LETTERS: A city of ‘character’

Editor:

Re: ‘No one has defined White Rock’s unique character’, July 31.

Editor:

Re: ‘No one has defined White Rock’s unique character’, July 31.

I moved to White Rock two years ago after visiting here for many years during the summer months.

I chose to retire in White Rock for its character as a ‘small city’ with easy access to numerous trails, beaches, parks and nearby conveniences for everyday living.

After reading the article regarding the city councillors wanting to define the character of White Rock, I believe White Rock emulates a multi-generational community understanding one another in order to promote richness and quality of life in an environment of natural beauty encouraging a healthy and culturally diverse lifestyle.

Let’s not create another city of high towers promoting a community of just another city that isolates many, rather than bringing all citizens together to celebrate life and beauty in this corner of the world!

S. McKenzie, White Rock

• • •

The White Rock OCP calls for 3,000 new housing units.

The ‘Imagine White Rock 2045’ survey says residents want that development located in the city core or along the North Bluff.
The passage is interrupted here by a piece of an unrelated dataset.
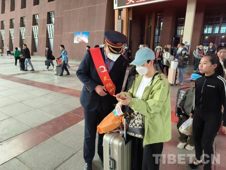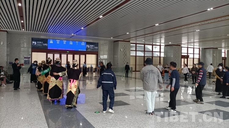 中國西藏網(wǎng)訊 2023年6月25日,拉薩火車站、林芝火車站內(nèi)異常熱鬧。在拉薩火車站,準(zhǔn)備乘坐C925次旅客列車前往林芝的旅客和車站“天路格?;ā狈?wù)隊(duì)的工作人員一起開展著競(jìng)答互動(dòng)小游戲,復(fù)興號(hào)列車紀(jì)念筆、車站卓瑪工作室卡通形象鑰匙扣、旅行雜志等小禮品深受旅客喜愛。在林芝火車站,工作人員和旅客跳起了熱情的鍋莊,用特有的方式慶祝拉林鐵路開通兩周年。
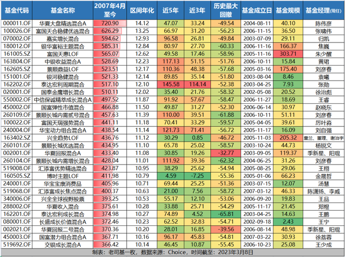 数据显示,从2007年4月至今,收益率最高的主动权益基金为华夏大盘精选混合A(000011),区间总回报高达720.9%,长期年化达14%,高居榜首。另外,富国天合稳健优选混合(100026)的区间总收益超过6倍,达到626.29%,位居第二名;归凯管理嘉实增长混合(070002)、焦巍管理的银华富裕主题混合(180012)、朱少醒管理的富国天惠(161005)等基金的累计总回报均超过5倍,位居涨幅榜前列。

Developers aren’t interested in those locations.

Why?

Developers would rather destroy a neighbourhood dominated by singe-family homes – except for the Royce, a building Mayor Wayne Baldwin called ‘landmark’ at the ribbon-cutting ceremony – with not one but four highrise towers.

These buildings are to be located at the top of one of the steepest grades in the city, near Oxford at Thrift, with Oxford a two-lane road at this juncture.

Imagine indeed.

Karen Cooper, the city’s director of planning and development, is confused as to the city’s ‘character’, since it has never been officially defined. Seriously? Any one of the larger-than-normal group of citizens attending this council meeting could have educated her.

After Cooper made it clear that these towers will go ahead after minor design changes, the majority left the meeting in disgust.